Integrate the function$\frac{\sqrt{\tan x}}{\sin x\cos x}$

$\begin{array}{1 1}2\sqrt{\tan x}+c \\ 2\sqrt{\cot x}+c \\ 2\sqrt{\sin x \cos x}+c \\ \sqrt{2 \sin x \cos x}+c \end{array}$

Toolbox:
• Method of substitution :
• Given f(x)dx can be transformed into another form by changing independent variable x to t by substituting x=g(t).
• Consider $I=\int f(x)dx.$
• Put x=g(t) so that $\frac{dx}{dt}=g'(t).$
• $\Rightarrow$dx=g'(t)dt.
• Thus $I=\int f(g(t).g'(t))dt.$
Given $I=\int \frac{\sqrt {\tan x}}{\sin x\cos x}dx$.
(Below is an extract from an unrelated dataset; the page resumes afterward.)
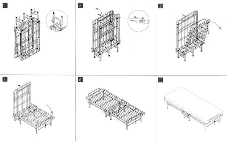 ▲ 제품을 받으면 철제 프레임에 매트리스가 장착된 상태로 배송이 됩니다. 그 상태에서 좌, 우 부분을 고정한 벨트가 있는 부분을 바닥에 놓고 동봉된 다리 3개를 고정시킵니다. (벨트 반대 부분이 침대 중간 지지대) 그 후 다리 부분을 바닥에 놓고 좌우 고정 벨트를 풀면 침대가 펴지면서 다리가 내려옵니다. 그럼 설치가 완료되어 바로 사용할 수 있습니다.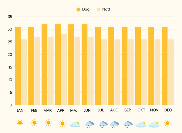 | Dagstemperatur | 30 | 30 | 31 | 32 | 31 | 31 | 30 | 30 | 30 | 30 | 30 | 30 |

Multiply and divide the denominator by cos x.

$I=\int\frac{\sqrt {\tan x}}{\frac{\sin x\cos x}{\cos x}}$.

$\;\;\;=\int\frac{\sqrt{\tan x}}{\tan x.\cos ^2x}dx.$

$\;\;\;=\int\frac{\sec^2x}{\sqrt {\tan x}}dx$.

Put $\tan x=t$.

$\sec^2dx=dt.$

Now substitute for x and dx we get,

$I=\int\frac{dt}{\sqrt t}.$

On integrating we get,

$I=\int t^\frac{-1}{2}dt.$

$\;\;\;=\frac{t^\frac{1}{2}}{\frac{1}{2}}+c.$

Substituting back for t we get,

$2\sqrt{\tan x}+c.$

Hence $\int \frac{\sqrt {\tan x}}{\sin x\cos x}dx=2\sqrt{\tan x}+c.$